The 2023/2024 BaHTSS publication includes information on companies whose primary activity is either manufacturing or R&D (as determined by their SIC code). For previous BaHTSS publications relating to 2021/2022 and before, different metrics and definitions were used to identify companies manufacturing and conducting R&D.

Under the previous methodology, companies were classified as conducting manufacturing or R&D activity if there was any evidence of that company engaging in manufacturing or R&D, regardless of whether that was its primary activity. These classifications were determined manually for each company based on sectoral knowledge, and the manufacturing and R&D activity categories were not mutually exclusive.

As the reporting metrics for manufacturing and R&D are substantially different in 2023/2024 compared to past years, past data is not referenced in this publication and a comparison between past estimates and estimates for 2023/2024 cannot be made.

3.2.4 SMEs

The 2023/2024 statistics report on whether companies are SMEs or not. This uses the European Union standard definition of small and medium-sized enterprises and is sourced from Moody’s FAME database at a company level. The previous BaHTSS publications used the same definition, but the information was sourced from multiple different sources and SME status was allocated at a site level. In the 2023/2024 data SME status was determined at a company level and therefore the 2023/2024 statistics on SMEs are not comparable to past years. The 2023/2024 statistics report on SME status at a company level for the first time.

Unlike in previous BaHTSS publications, the 2023/2024 statistics do not provide an additional breakdown on SMEs and whether they are micro, small or medium companies. This data was not available for the 2023/2024 statistics, but OLS will consider how this can be reintroduced for future publications in the BaHTSS series.

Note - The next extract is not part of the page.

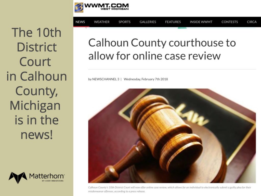 Michigan’s 10th District Court launched Matterhorn Online Plea and two news outlets spread the word.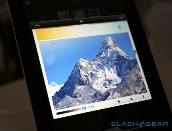 However, there's also color sampling to be played with. Philips includes a number of photos in the app – scenes like beaches or mountains – and by dragging pointers linked to each lamp, you can recreate the color of that point in the image. Again, custom setups of multiple lamps tied to different points can be saved, or you create a random arrangement by physically shaking the tablet or iPhone.

3.2.5 Employment and turnover

The source of employment and turnover has been changed for the 2023/2024 BaHTSS report compared to past publications. The employment and turnover source for the 2023/2024 data is ONS’s IDBR dataset. Previous BaHTSS publications for 2021/2022 and before used Moody’s FAME database for these metrics instead. The source has been changed to improve the quality and reduce the manual adjustments needed from FAME data. More details on the quality changes can be found in section 4.

Given the change in source, estimates for turnover and employment for 2023/2024 are not directly comparable to estimates for previous years. Whilst figures aren’t directly comparable, past estimates of turnover and employment for 2008/09 to 2021/2022 are available in the accompanying report and data tables to allow users to reference estimates from previous years. The scale of change in the employment and turnover estimates between 2023/2024 and earlier time periods cannot be determined.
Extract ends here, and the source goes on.